Empty HashSet - Count vs Any

Empty HashSet - Count vs Any - c#

I am only interested to know whether a HashSet hs is empty or not.
I am NOT interested to know exactly how many elements it contains.
So I could use this:
bool isEmpty = (hs.Count == 0);
...or this:
bool isEmpty = hs.Any(x=>true);
Which one provides better results, performance-wise(specially when the HashSet contains a large number of elements) ?

On a HashSet you can use both, since HashSet internally manages the count.
However, if your data is in an IEnumerable<T> or IQueryable<T> object, using result.Any() is preferable over result.Count() (Both Linq Methods).
Linq's .Count() will iterate through the whole Enumerable, .Any() will only peek if any objects exists within the Enumerable or not.
Update:
Just small addition:
In your case with the HashSet .Count may be preferable as .Any() would require an IEmumerator to be created and returned which is a small overhead if you are not going to use the Enumerator anywhere in your code (foreach, Linq, etc.). But I think that would be considered "Micro optimization".

HastSet<T> implements ICollection<T>, which has a Count property, so a call to Count() will just call HastSet<T>.Count, which I'm assuming is an O(1) operation (meaning it doesn't actually have to count - it just returns the current size of the HashSet).
Any will iterate until it finds an item that matches the condition, then stop.
So in your case, it will just iterate one item, then stop, so the difference will probably be negligible.
If you had a filter that you wanted to apply (e.g. x => x.IsValid) then Any would definitely be faster since Count(x => x.IsValid) would iterate over the entire collection, while Any would stop as soon as if finds a match.
For those reasons I generally prefer to use Any() rather than Count()==0 since it's more direct and avoids any potential performance problems. I would only switch to Count()==0 if it provided a significant performance boost over Any().
Note that Any(x=>true) is logically the same as calling Any(). That doesn't change your question, but it looks cleaner without the lambda.
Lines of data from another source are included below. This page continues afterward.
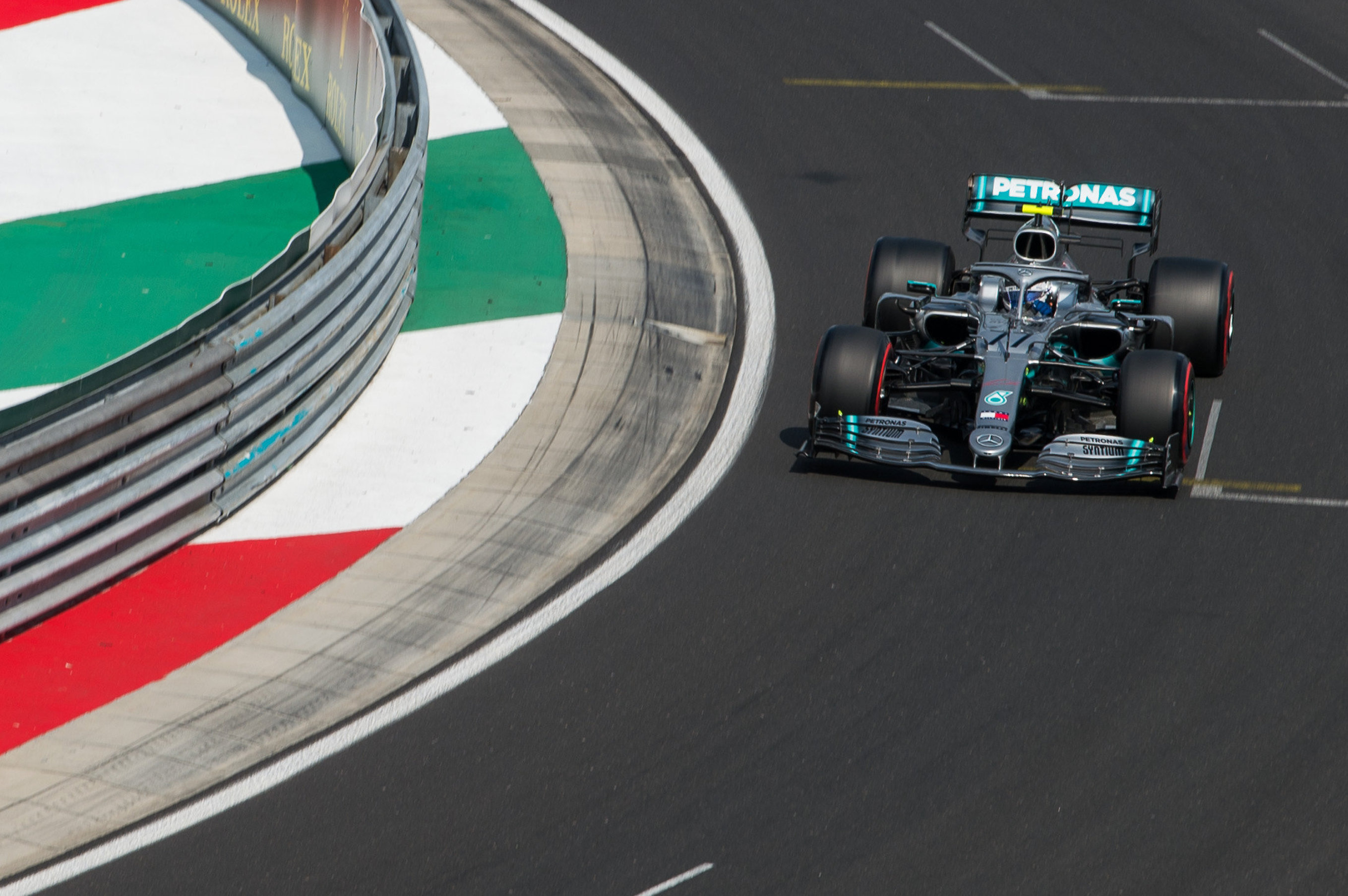 Valtteri Bottas, a Mercedes finn versenyzõje a Forma-1-es Magyar Nagydíj idõmérõ edzésén a mogyoródi Hungaroringen 2019. augusztus 3-án.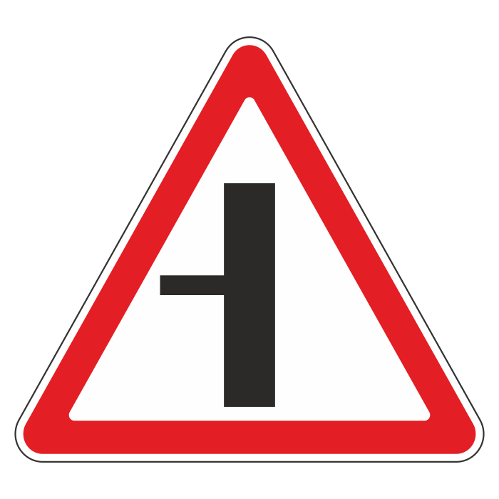 Дорожный знак 2.3.3 «Примыкание второстепенной дороги слева» (металл 0,8 мм, III типоразмер: сторона 1200 мм, С/О пленка: тип В алмазная) в Черкесске купить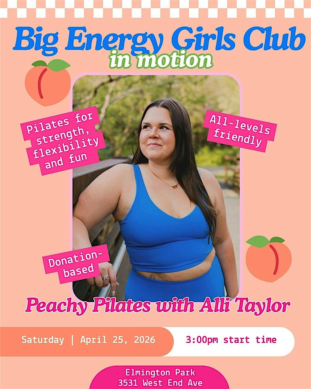 Join us for Peachy Pilates, an energizing outdoor event hosted by Big Energy Girls Club and led by certified Pilates and yoga instructor Alli Taylor!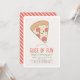 L'invitation pour l'anniversaire de ce mignon et kawaii "Slice of Fun" comprend une tranche de pizza Pepperoni avec un joli visage souriant sur un arrière - plan beige. L'envers est orné d'un arrière - plan rouge aux rayures diagonales blanches. Personnalisez-le selon vos besoins. Vous pouvez trouver des produits correspondants dans mon magasin.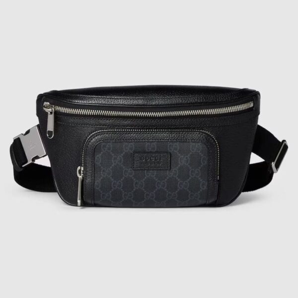 A selection of bags, including mini cross-body bags, briefcases and totes have been reshaped with functional details. Crafted from black leather and GG Supreme canvas, this belt bag features zip pockets. A Gucci Made in Italy leather tag completes the design as an elegant logo touch. Black leather Black GG Supreme canvas trim Cotton linen...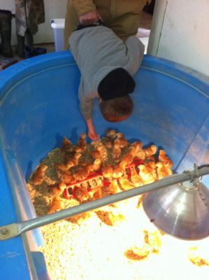 What a great photo! Looks like he's being held up by his pants LOL!! How many chicks did you get? Looks like they're doing well. I have 5 hens for eggs. Hopefully this summer I'll get some chicks for meat.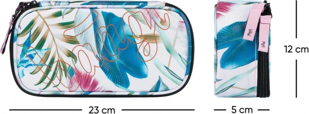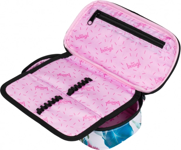 De populaire BAAGL etui met modern design van tropische bladeren is een ideale keuze voor school en buitenschoolse activiteiten. Dankzij de stevige textiele uitvoering en de kwaliteitsrits blijven alle schrijfwaren veilig en overzichtelijk geordend. Het interne uitklapbare tussenpaneel met elastische lussen maakt snelle toegang tot pennen en potloden gemakkelijk, terwijl het ritsvak ruimte biedt voor kleinigheden zoals gummen of puntenslijpers.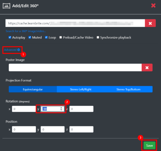 Change the starting viewpoint of the 360 by adjusting the Advanced settings Y Rotation to a value between 0 and 360 degrees.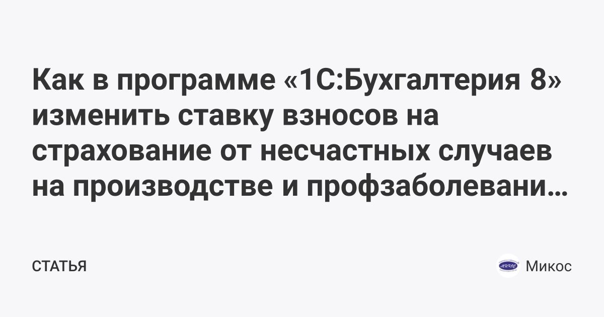 Как в программе «1С:Бухгалтерия 8» изменить ставку взносов на страхование от несчастных случаев на производстве и профзаболеваний?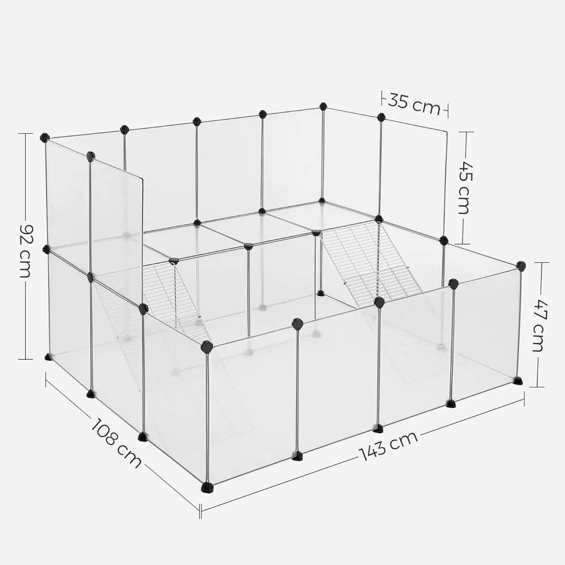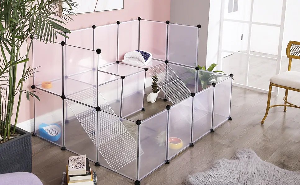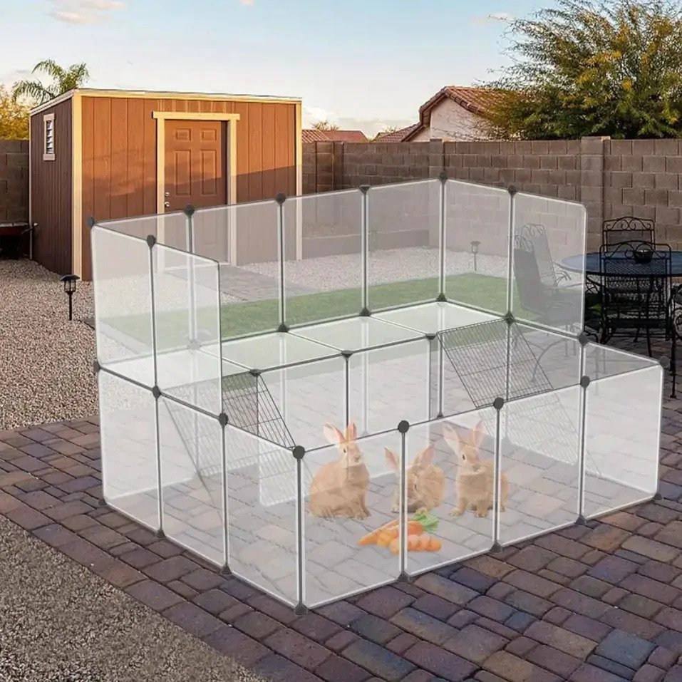 Modulárna, samorozkladacia ohrádka. Poskytuje bezpečnosť pre králiky, morčatá, mačky, psy a iné malé zvieratá.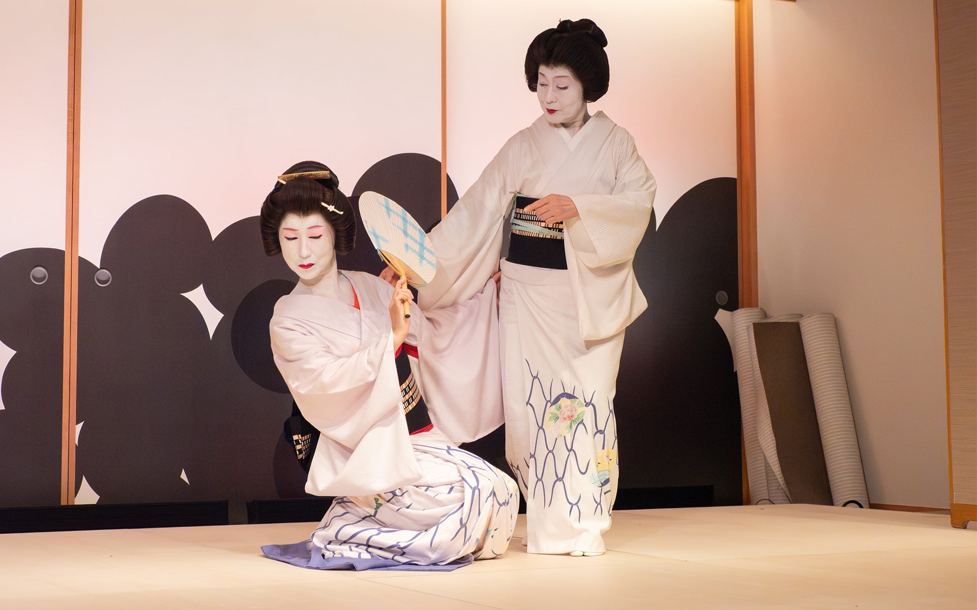 三社祭期間は、浅草神社の由来となった漁師兄弟を題材にした演目を演じるため、芸者衆の袴姿の奉納舞踊もご覧いただけます。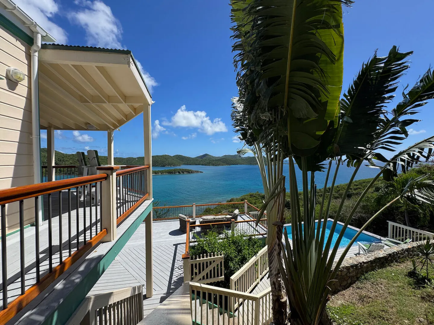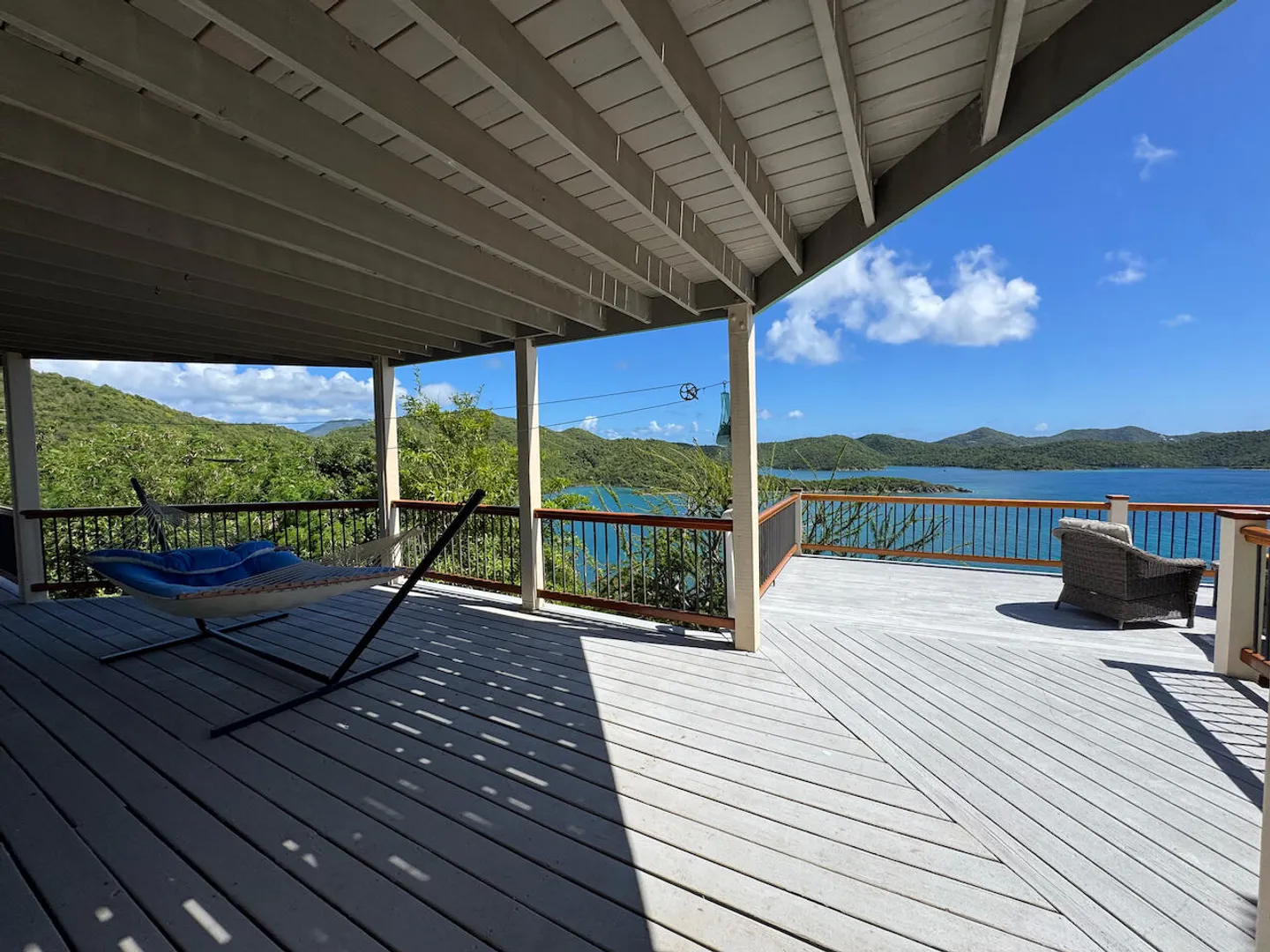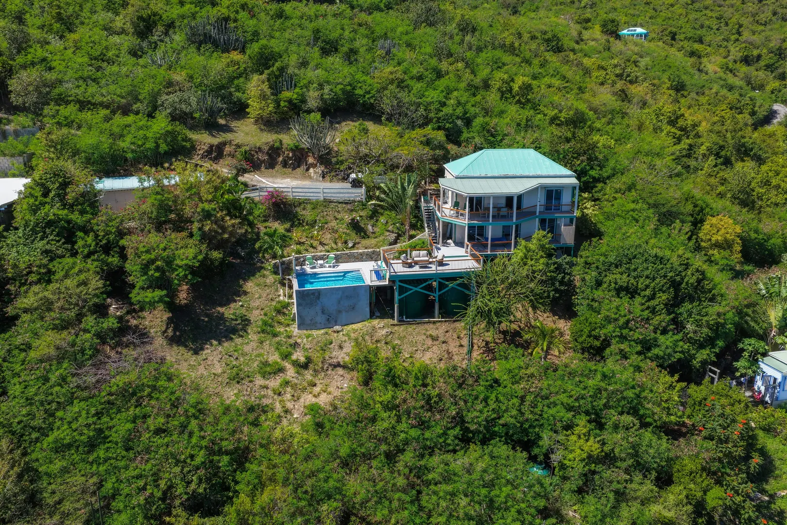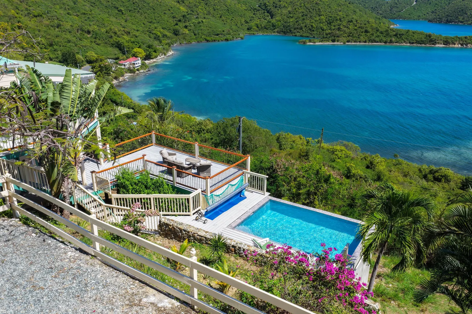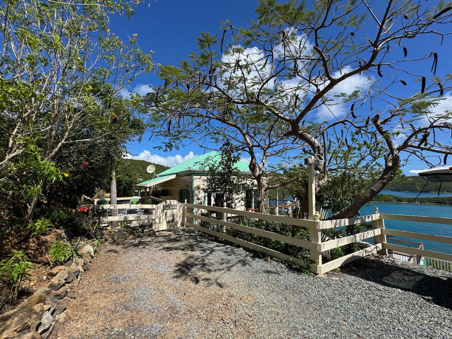 Living Life Smilin' is a charming cottage overlooking Hurricane Hole with protected water views, steady ocean breezes, privacy, pool, and easy access. This 3BR/2.5BA home sits at the end of a private estate road just 3 minutes from Coral Bay. Set on half an acre with room to expand, it works beautifully as a full-time home or STR investment -- Turnkey and fully furnished for immediate enjoyment. Updates include new flooring, a 2022 kitchen renovation with modern appliances and granite counters, AC in bedrooms, updated wastewater system, storage shed, and ample parking. Multiple outdoor spaces offer covered dining, a shaded hammock deck, sunny sitting area, and poolside perch.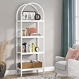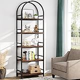 [Industrial Stylish Design]: The stylish top curved design adds a delicate aesthetic to the entire bookshelf. Clean line and wood grain texture make this industrial etagere bookcase suit for anywhere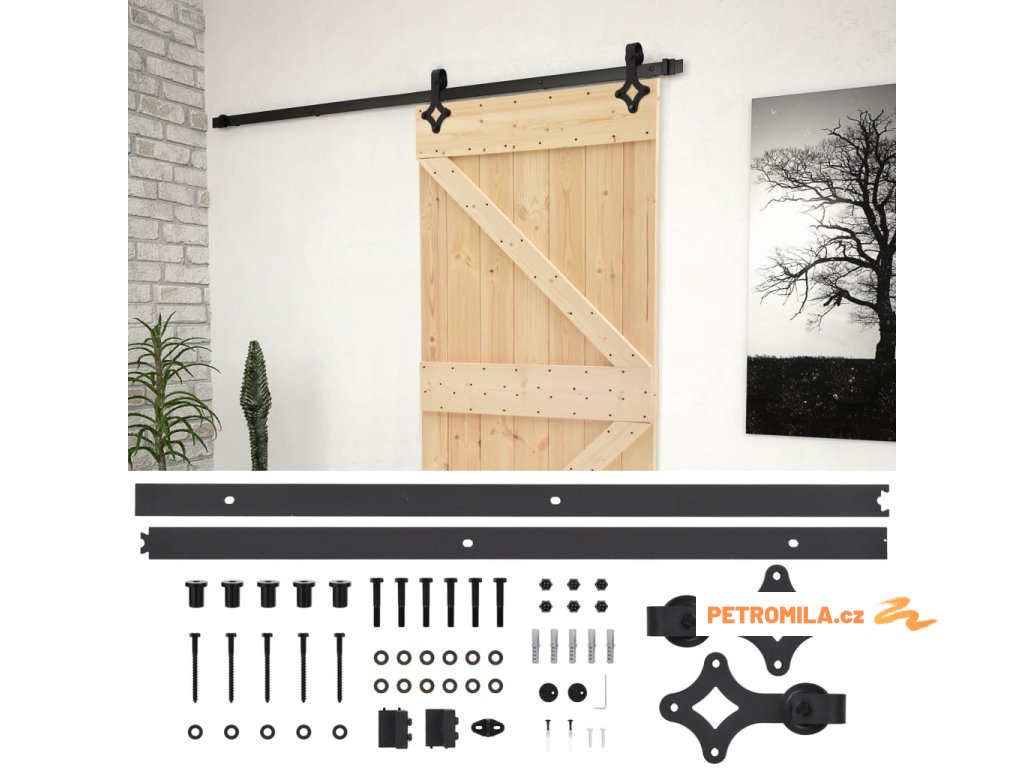 Posuvné dveře se setem kování 90 x 210 cm masivní borové dřevo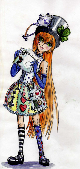 I LOVE HER DESIGN SO MUCH. It just kind of popped in my mind, which has been happening with all the designs for this collection... lol. xDDDDDDDDDD Anyways, the whole magician thing goes with her character so well <3 And it came up almost exactly like how I imagined it. I had a little bit of trouble with the colors... there were two different color schemes in my mind and I didn't know which one to go by... xDDDDD But it looks pretty good with this one!! I like the lineart too. Things are just going great with this project, I like how the designs are coming upAlice is from Canada and has control over emotions. She's that one weird kid that doesn't interact much with the others and kind of goes their own way. She loves magic tricks, and is very good at them.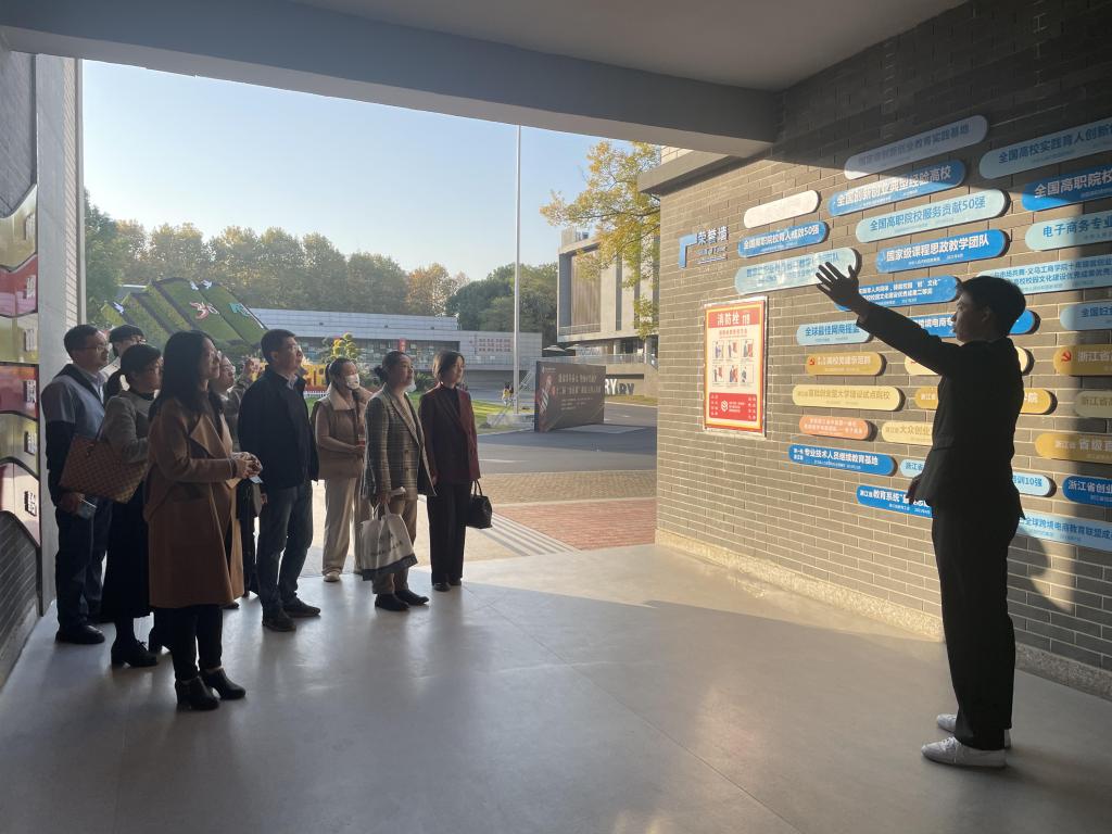会后,浙江师范大学行知学院商学院院长麻勇爱一行在beat365亚洲版官网负责人的陪同下参观考察了数字贸易实训基地、创意园等地。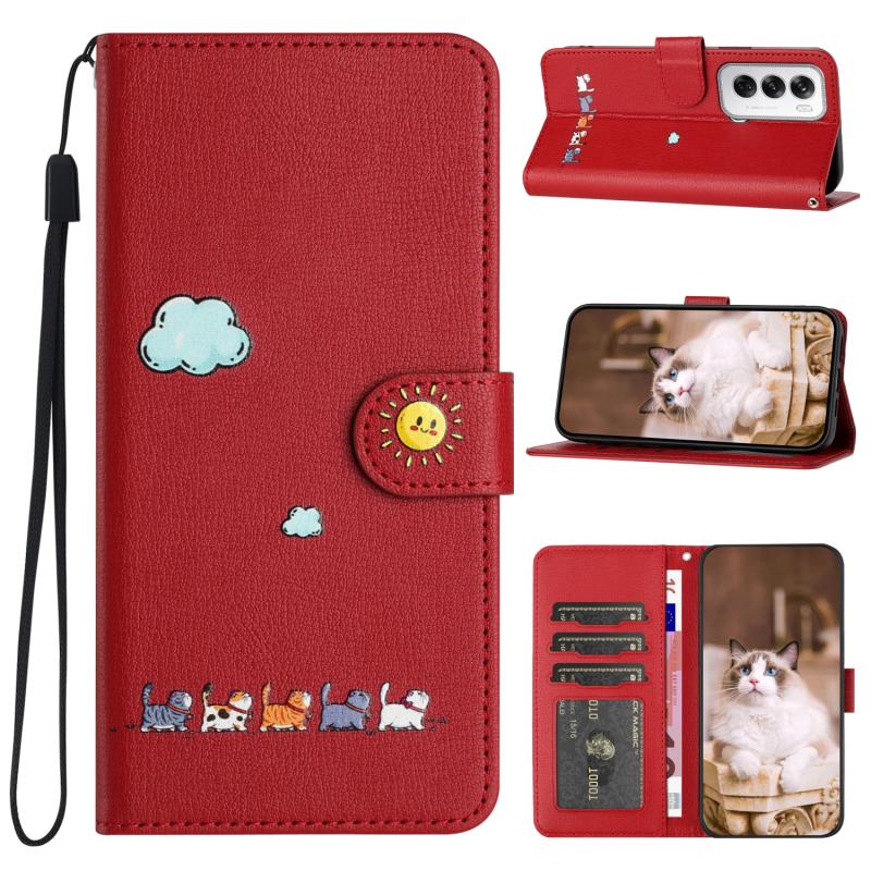 For OPPO Reno12 5G Global Cartoon Cats Leather Phone Case(Red)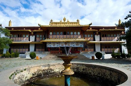 宮殿共三層,一層是經(jīng)堂,前面有一個(gè)600平方米的石板院子,二層有羅漢殿,護(hù)法殿和達(dá)賴閱經(jīng)室,三層是達(dá)賴接見(jiàn)僧俗官員的地方。園中樹(shù)木茂盛,花卉繁多,更有亭臺(tái)池榭,林竹山石,珍禽異獸等,宮前長(zhǎng)廊和室內(nèi)雕梁畫棟。

Depending on the type of collection, it may or may not matter performance-wise. So why not just use hs.Any() since that is designed for exactly what you need to know?
And the lambda expression x => true has no meaning here. You can leave that out.

Related

What's the quickest way to check the size of an IEnumerable is greater than some given value?

I know that you can use enumerable.Any() instead of enumerable.Count() to check if the collection has anything in it efficiently.
Is there an equivalent to check the size is at least any larger size?
For example, how would I efficiently do enumerable.Count() > 3.

The most efficient approach will unfortunately depend on the implementation. It's a leaky abstraction at that point.
If you're using a List<T> or similar, using Count() will be fastest. But for any lazily-evaluated sequence, that will evaluate the whole sequence.
For a lazily-evaluated sequence, using enumerable.Skip(3).Any() will be more efficient, because it can stop once it's found the fourth element. That's all you need to know about; you don't care about the actual size.
Using the Skip()/Any() approach will be slightly less efficient than using Count() for some collections - but could be much more efficient for large lazy sequences. (It will also work even for infinite sequences, which Count() wouldn't.)
The difference in efficiency for lists will depend on how many items you're skipping, of course - if you need to see whether there are "at least a million" items then using Count() would be much more efficient for a list.
Sorry not to have an easy answer for you. If you really need this to be optimal in every case, you could perform the same kinds of optimization that the Count() method does. Something like this:
// FIXME: This name is horrible! Note that you'd call it with 4 in your case,
// as it's inclusive of minCount.
// Note this assumes C# 8 and its lovely switch expression support.
// It could be written with if/else etc of course.
public static bool HasAtMinElements<T>(this IEnumerable<T> source, int minCount) =>
source switch
{
null => throw new ArgumentNullException(nameof(source)),
ICollection<TSource> coll => coll.Count >= minCount,
ICollection coll => coll.Count >= minCount,
_ => source.Skip(minCount - 1).Any();
}
That's annoying though :( Note that it doesn't optimize IIListProvider<T> like the real Count() method does, either - because that's internal.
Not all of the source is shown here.